Recorded data below:

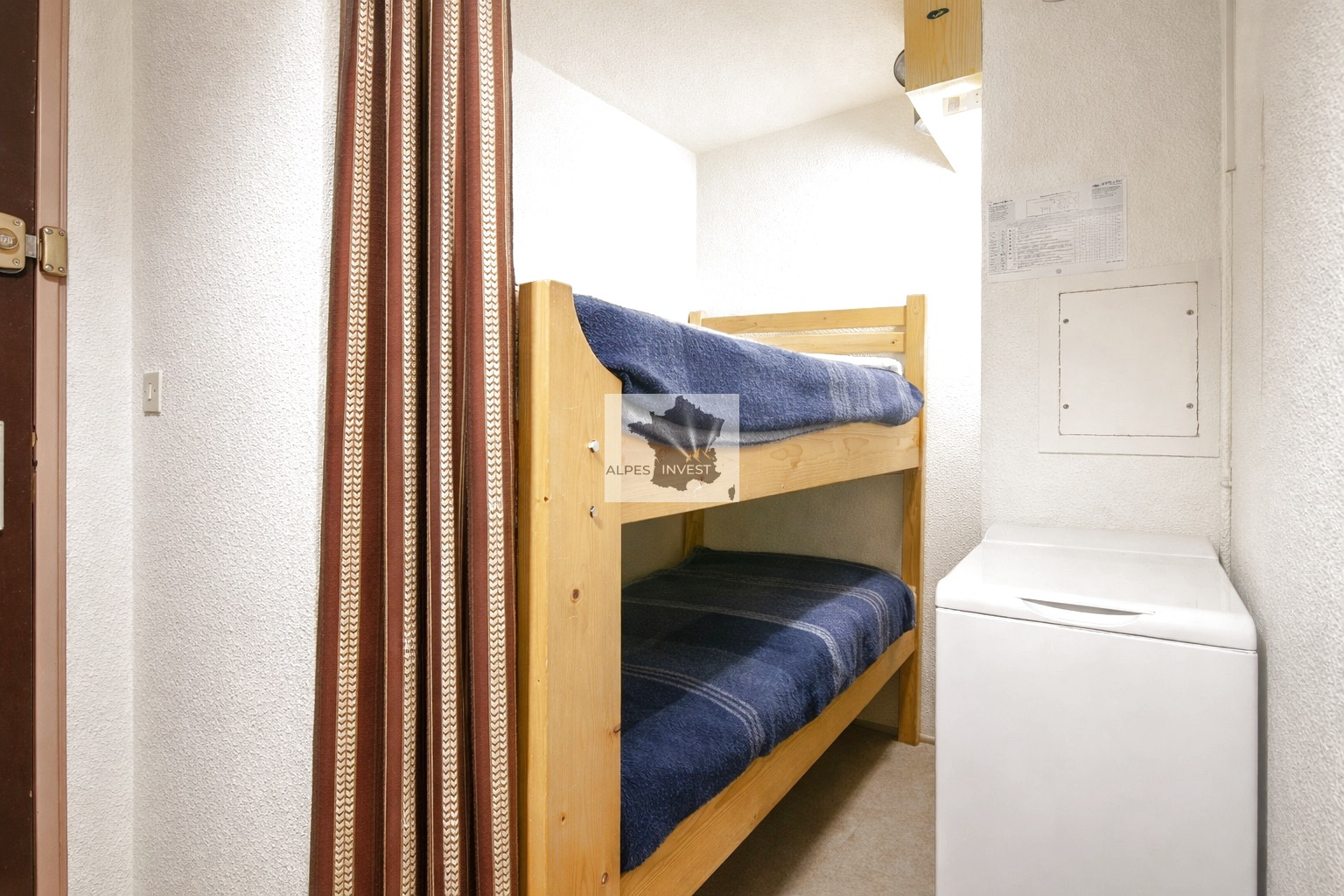 Ce studio est composé d'une entrée avec rangement (placard penderie). Une grande pièce de vie avec un kitchenette (2 plaques et placards). Une salle de douche avec vasque et emplacement machine à laver. Fenêtre en bois double vitrage - Chauffage individuel électrique.
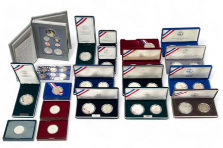 United States Mint Commemorative Silver Proof Dollars & Coin Sets, 1982-2005, H 0.75” W 6” Depth 3.5” 20 pcs
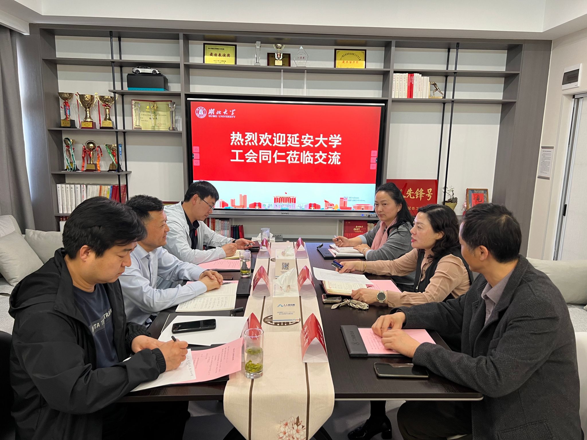 杨曦东对湖北大学、武汉大学的热情交流表示感谢,他从强化教职工思想政治引领、打造学院特色工会品牌、文体活动开展与职工之家建设等方面介绍了米兰工会的工作情况。他表示,此次调研不仅是工作方法的取经,更是红色基因与创新精神的交融。米兰milan官方网站工会将把湖北大学、武大经验与延安精神相结合,坚守维护保障教职工权益的初心,践行以教职工为中心的发展思想,并希望在未来与兄弟院校建立常态化交流机制,共同探索新时代高校工会高质量发展新范式。
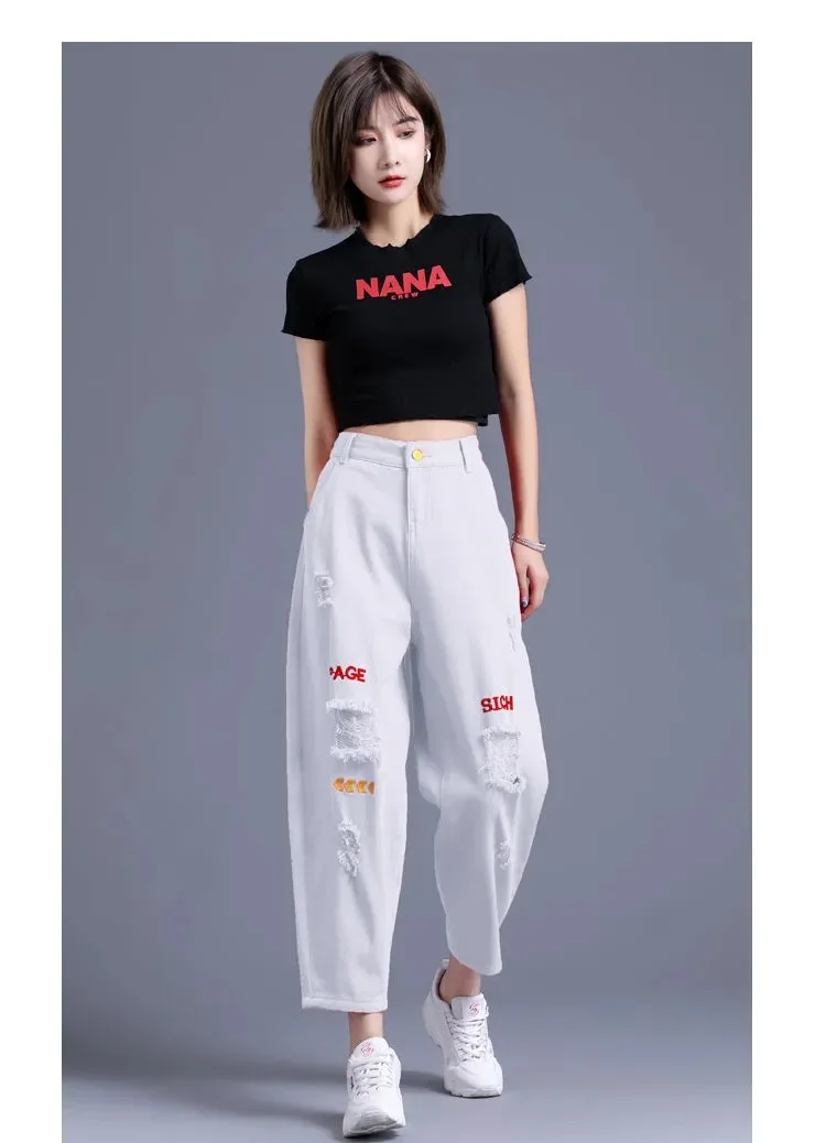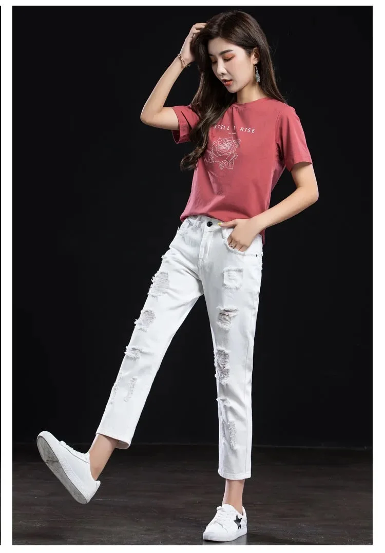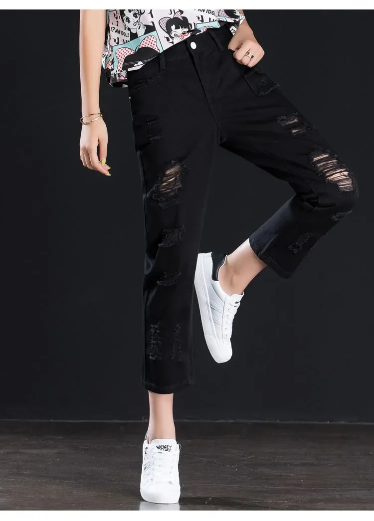 Джинсы женские рваные до щиколотки, с завышенной талией

End of Recorded data.

§ **What to work on**:
Please retype the whole listing above word for word and drop the pictures.

§ **Answer to this task**:
 Ce studio est composé d'une entrée avec rangement (placard penderie). Une grande pièce de vie avec un kitchenette (2 plaques et placards). Une salle de douche avec vasque et emplacement machine à laver. Fenêtre en bois double vitrage - Chauffage individuel électrique.
 United States Mint Commemorative Silver Proof Dollars & Coin Sets, 1982-2005, H 0.75” W 6” Depth 3.5” 20 pcs
 杨曦东对湖北大学、武汉大学的热情交流表示感谢,他从强化教职工思想政治引领、打造学院特色工会品牌、文体活动开展与职工之家建设等方面介绍了米兰工会的工作情况。他表示,此次调研不仅是工作方法的取经,更是红色基因与创新精神的交融。米兰milan官方网站工会将把湖北大学、武大经验与延安精神相结合,坚守维护保障教职工权益的初心,践行以教职工为中心的发展思想,并希望在未来与兄弟院校建立常态化交流机制,共同探索新时代高校工会高质量发展新范式。
 Джинсы женские рваные до щиколотки, с завышенной талией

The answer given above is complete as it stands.